Although it seems riskier to be a buyer for stocks and REITs today, it’s actually less risky to buy shares of a firm that sports valuation metrics on the lower end of the historical range. In this piece, we’ll have a closer look at two dirt-cheap passive-income stocks that may be worth scooping up this July, even if the markets can do no better in H2 2022.
Though younger investors may wish to pursue fallen growth stocks, I think higher-yielding names are a better way to dampen the hit of high inflation. Without further ado, consider shares of TC Energy (TSX:TRP)(NYSE:TRP) and CN Rail (TSX:CNR)(NYSE:CNI).
TC Energy
TC Energy is a well-run pipeline firm that serves Canada, the U.S., and Mexico. Shares have come a long way since bottoming in 2020, but of late, the recent barrage of market volatility has caused shares to plunge into correction territory.

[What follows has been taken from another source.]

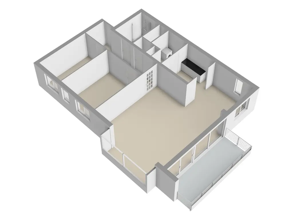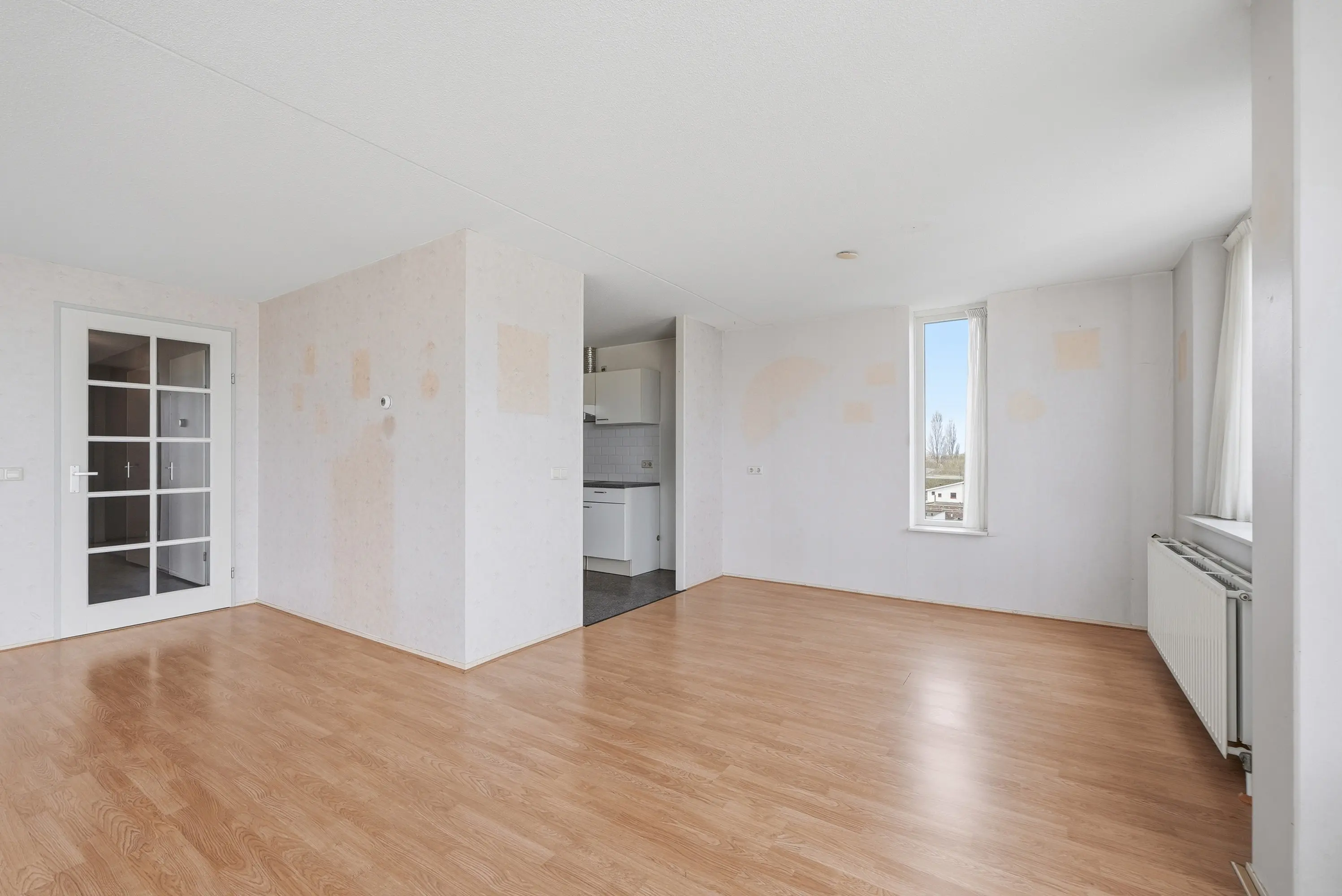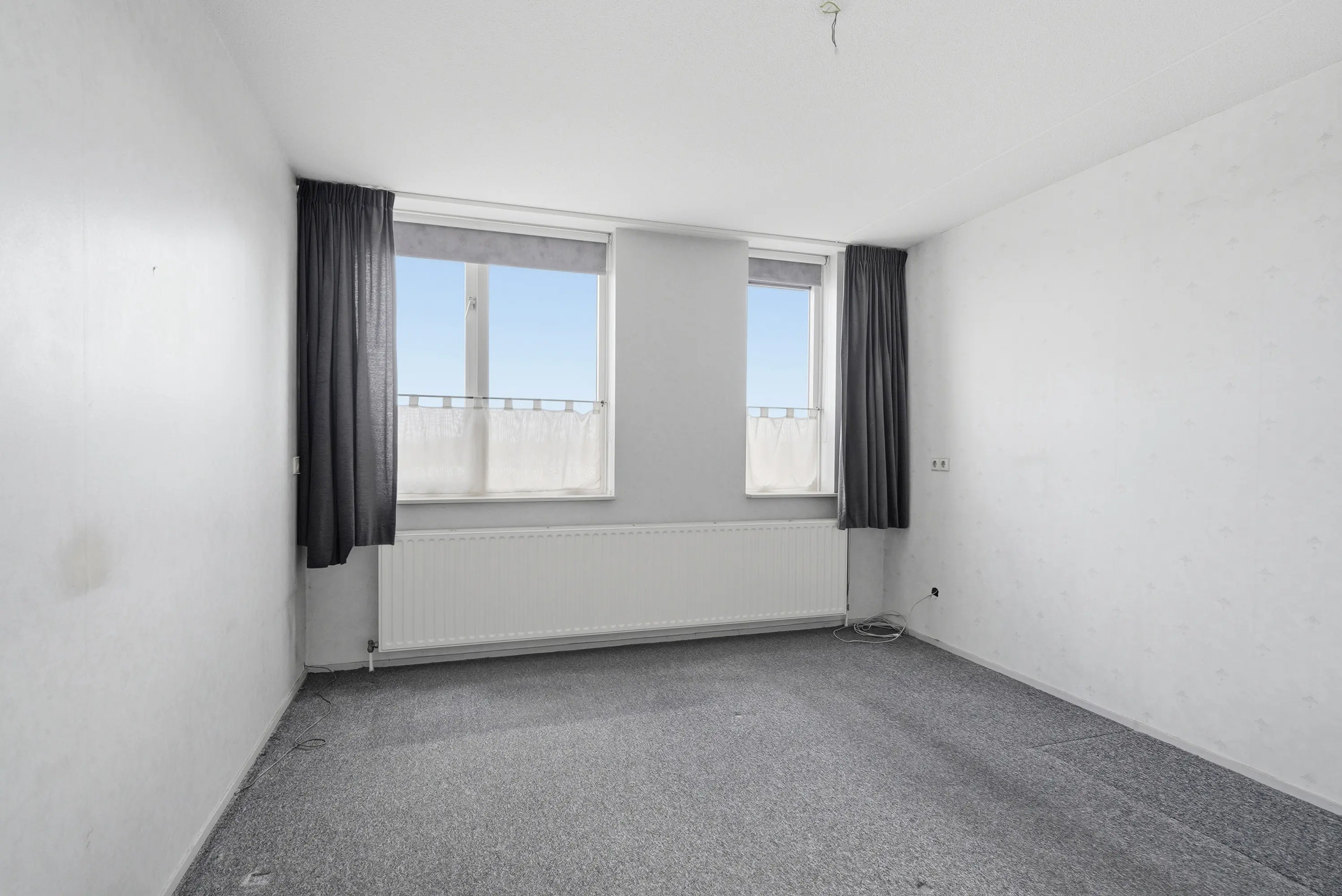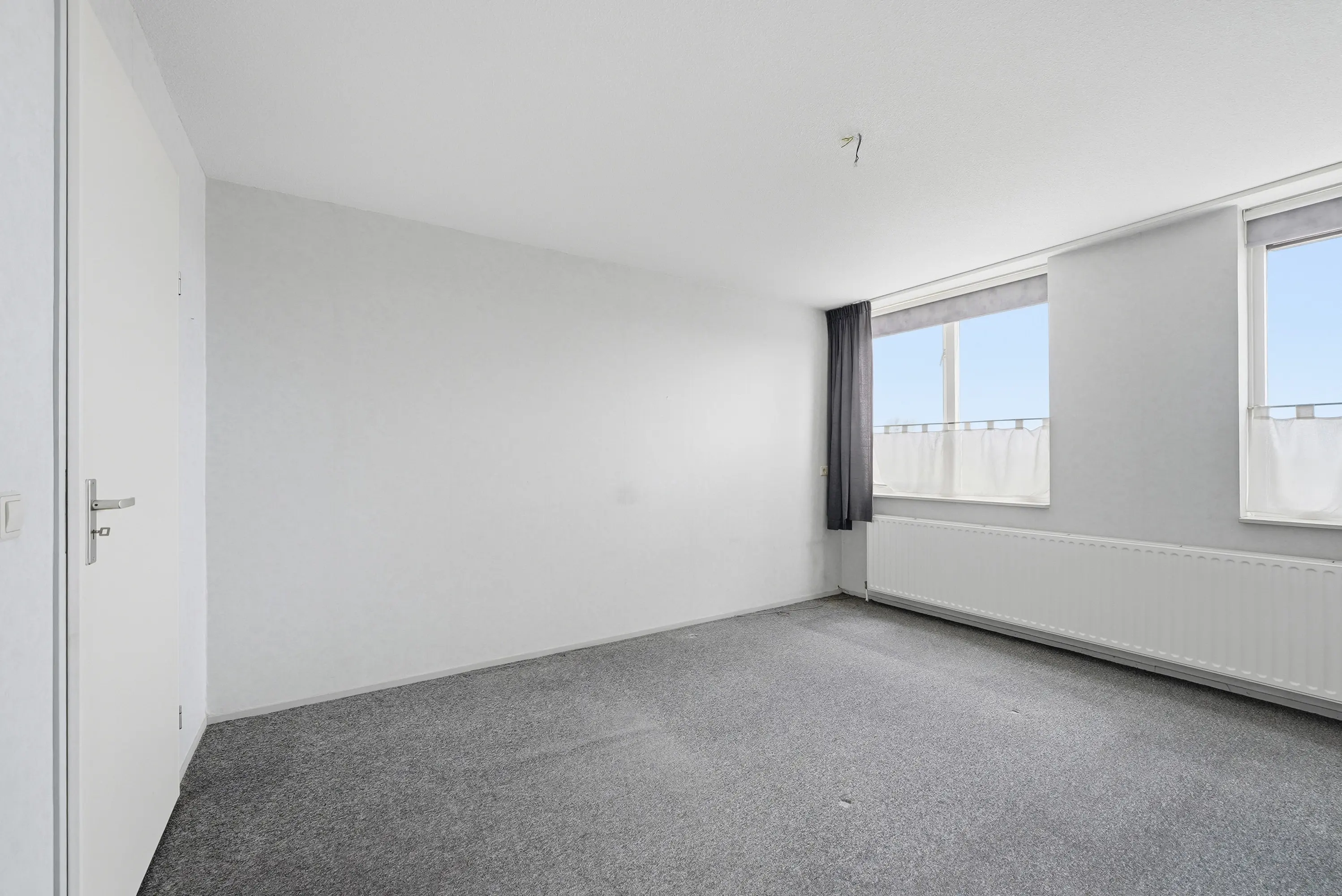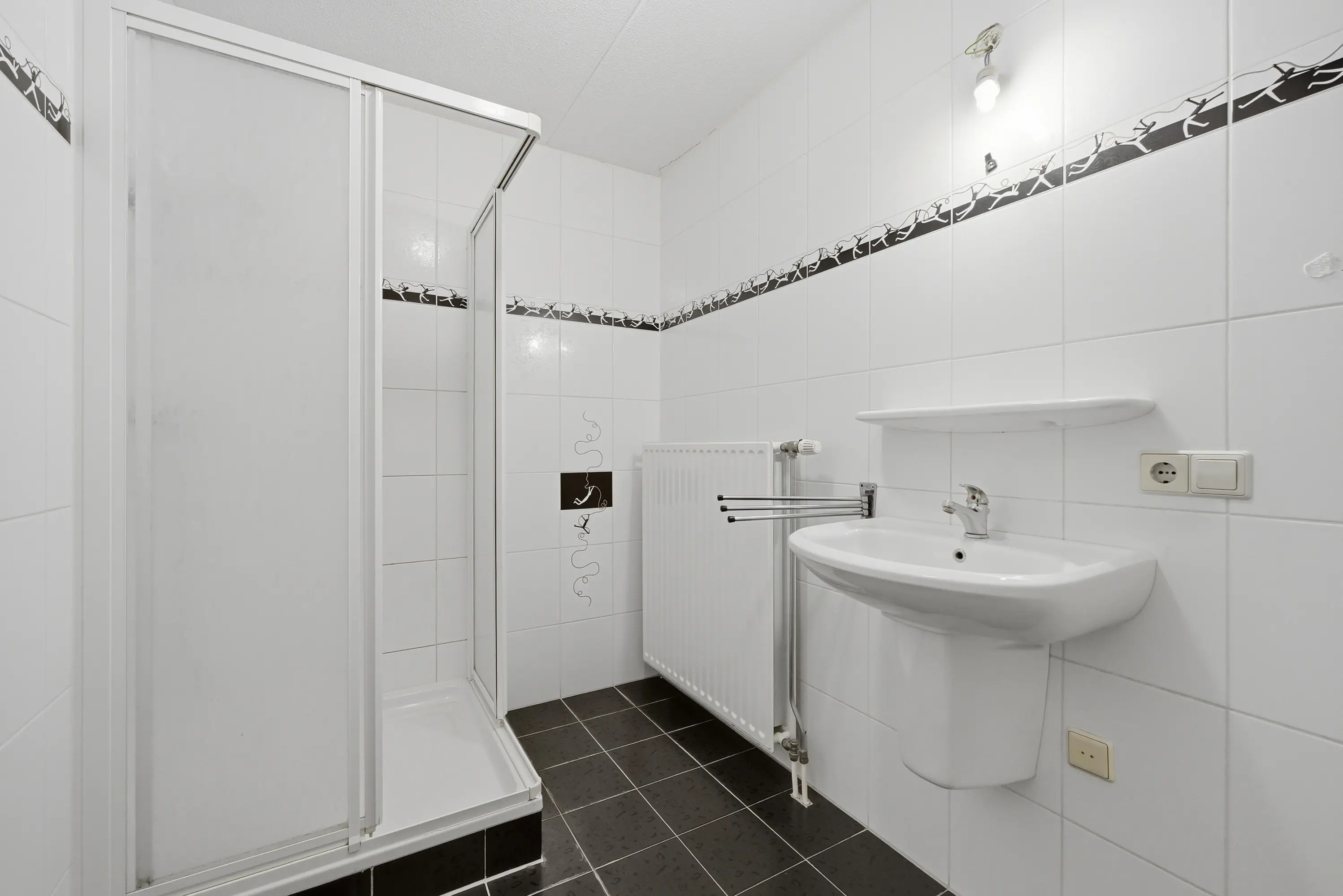 Meterkast, eigen entree en hal met videofooninstallatie, ruime en lichte woonkamer met schuifpui naar het grote balkon, nette open keuken met inbouwapparatuur en aansluitend een praktische bijkeuken/berging met wasmachineaansluiting. Via de hal bereik je de twee mooie slaapkamers, separaat toilet met fonteintje en nette, volledig betegelde badkamer voorzien van douchecabine en wastafel.

At writing, the shares of TC Energy trade at 20.1 times trailing earnings, with a well-supported 5.4% dividend yield. Undoubtedly, the past few weeks have been most unkind to the energy stocks. As a midstream player, TC Energy isn’t as sensitive to near-term fluctuations in energy prices. Given how volatile commodities can be, it’s the pipelines that passive-income investors should look to if they seek relative stability in this hailstorm of a market.
Indeed, not much has changed over the past few weeks when it comes to TC. It’s still a cash cow that will continue to reward shareholders with dividend hikes over time. Though TC doesn’t sport the highest dividend yield of all the pipeline plays, I think it’s hard to match TC in terms of dividend growth.
CN Rail
CN Rail is the iconic railway that we’re all familiar with. It’s a top component in many TSX mutual funds and ETFs. Though investors may have some exposure through such investments, I’d argue there’s a strong case for getting overweight the name, as shares continue to slump in anticipation of a drastic economic slowdown.
Sure, CN and the rails are pretty sensitive to the economy. With Canada’s GDP growth shrinking to a mere 0.3%, it seems like we’re going to flirt with a recession. Even in a worst-case scenario, CN Rail stock tends to bounce back quickly once the worst of the recession is in. And despite its economic sensitivity, CN Rail stock doesn’t fall nearly as much as broader markets because dip buyers know a recovery is inevitable, and CN tends to be one of the first firms to storm out of the gate.
With such a wide moat and new managers that could unlock long-term value, I’m staying bullish on the name while its dividend yield swells above 2% — the highest it’s been since the depths of the 2020 market crash.